## WORK ORDER:
For this listing, the lines between the one holding "專用的氣體報警器管控平臺界面" and the one holding "Für volle Flexibilität", inclusive, must be set down exactly.

## RECORDS TO PROCESS:
* * *
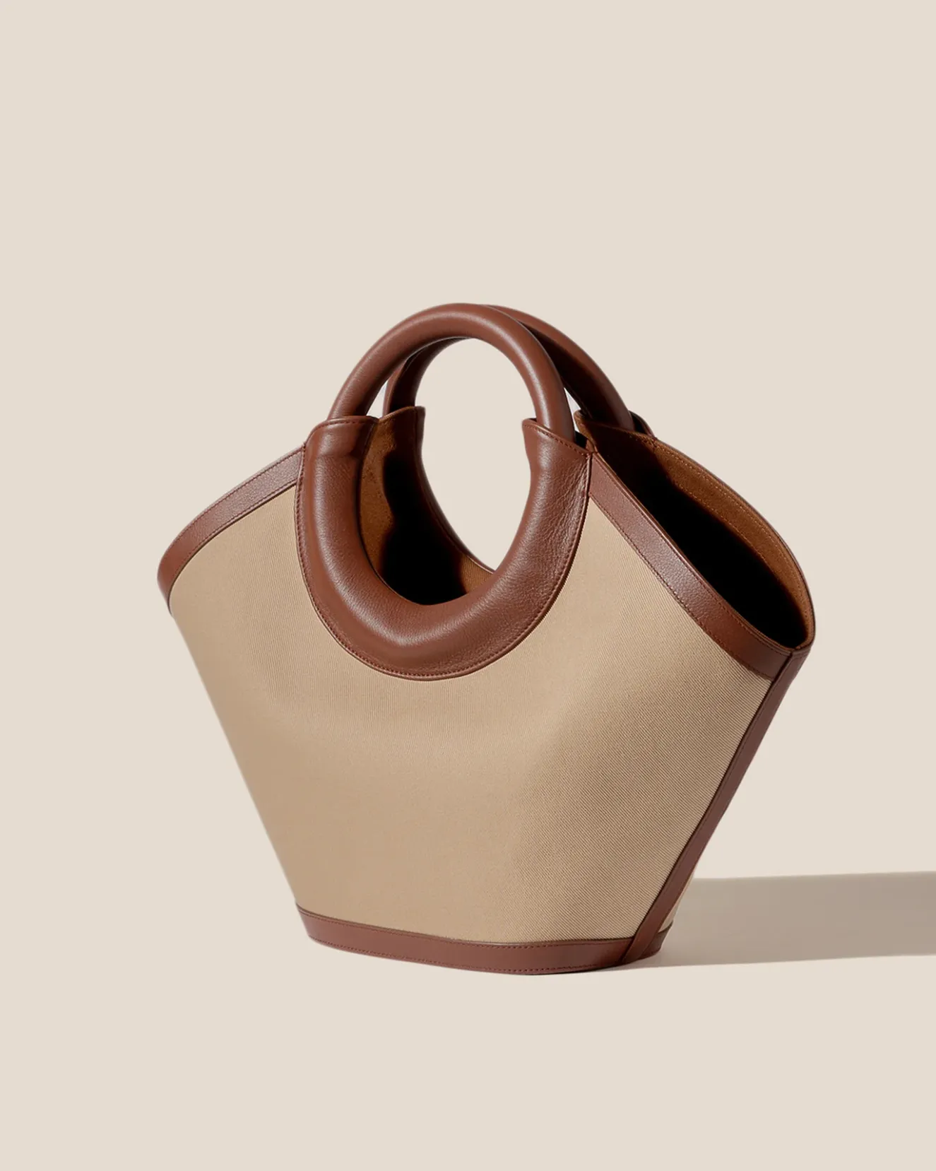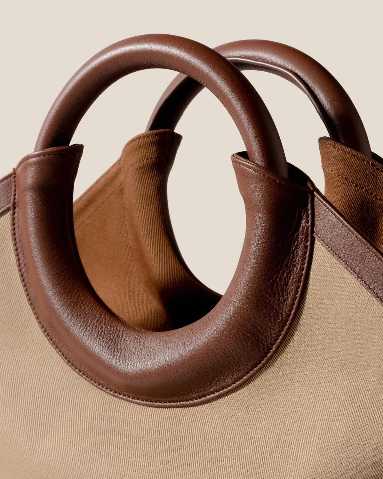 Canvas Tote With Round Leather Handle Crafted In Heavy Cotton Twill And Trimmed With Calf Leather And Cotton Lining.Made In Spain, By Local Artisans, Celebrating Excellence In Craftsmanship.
* * *
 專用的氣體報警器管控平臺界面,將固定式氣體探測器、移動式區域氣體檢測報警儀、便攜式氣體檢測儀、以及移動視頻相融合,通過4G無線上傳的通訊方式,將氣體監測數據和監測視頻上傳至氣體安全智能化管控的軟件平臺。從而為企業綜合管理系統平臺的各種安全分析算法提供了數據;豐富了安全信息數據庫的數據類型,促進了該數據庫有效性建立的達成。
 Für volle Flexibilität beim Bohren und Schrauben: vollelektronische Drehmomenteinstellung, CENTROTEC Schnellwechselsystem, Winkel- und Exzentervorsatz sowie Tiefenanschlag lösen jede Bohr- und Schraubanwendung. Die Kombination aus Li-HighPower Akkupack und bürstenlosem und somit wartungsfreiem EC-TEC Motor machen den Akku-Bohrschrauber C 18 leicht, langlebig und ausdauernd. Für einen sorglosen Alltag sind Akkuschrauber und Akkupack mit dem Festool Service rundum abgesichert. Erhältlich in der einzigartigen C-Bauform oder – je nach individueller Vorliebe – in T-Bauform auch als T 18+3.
* * *
## SOLVED EXERCISE:
 專用的氣體報警器管控平臺界面,將固定式氣體探測器、移動式區域氣體檢測報警儀、便攜式氣體檢測儀、以及移動視頻相融合,通過4G無線上傳的通訊方式,將氣體監測數據和監測視頻上傳至氣體安全智能化管控的軟件平臺。從而為企業綜合管理系統平臺的各種安全分析算法提供了數據;豐富了安全信息數據庫的數據類型,促進了該數據庫有效性建立的達成。
 Für volle Flexibilität beim Bohren und Schrauben: vollelektronische Drehmomenteinstellung, CENTROTEC Schnellwechselsystem, Winkel- und Exzentervorsatz sowie Tiefenanschlag lösen jede Bohr- und Schraubanwendung. Die Kombination aus Li-HighPower Akkupack und bürstenlosem und somit wartungsfreiem EC-TEC Motor machen den Akku-Bohrschrauber C 18 leicht, langlebig und ausdauernd. Für einen sorglosen Alltag sind Akkuschrauber und Akkupack mit dem Festool Service rundum abgesichert. Erhältlich in der einzigartigen C-Bauform oder – je nach individueller Vorliebe – in T-Bauform auch als T 18+3.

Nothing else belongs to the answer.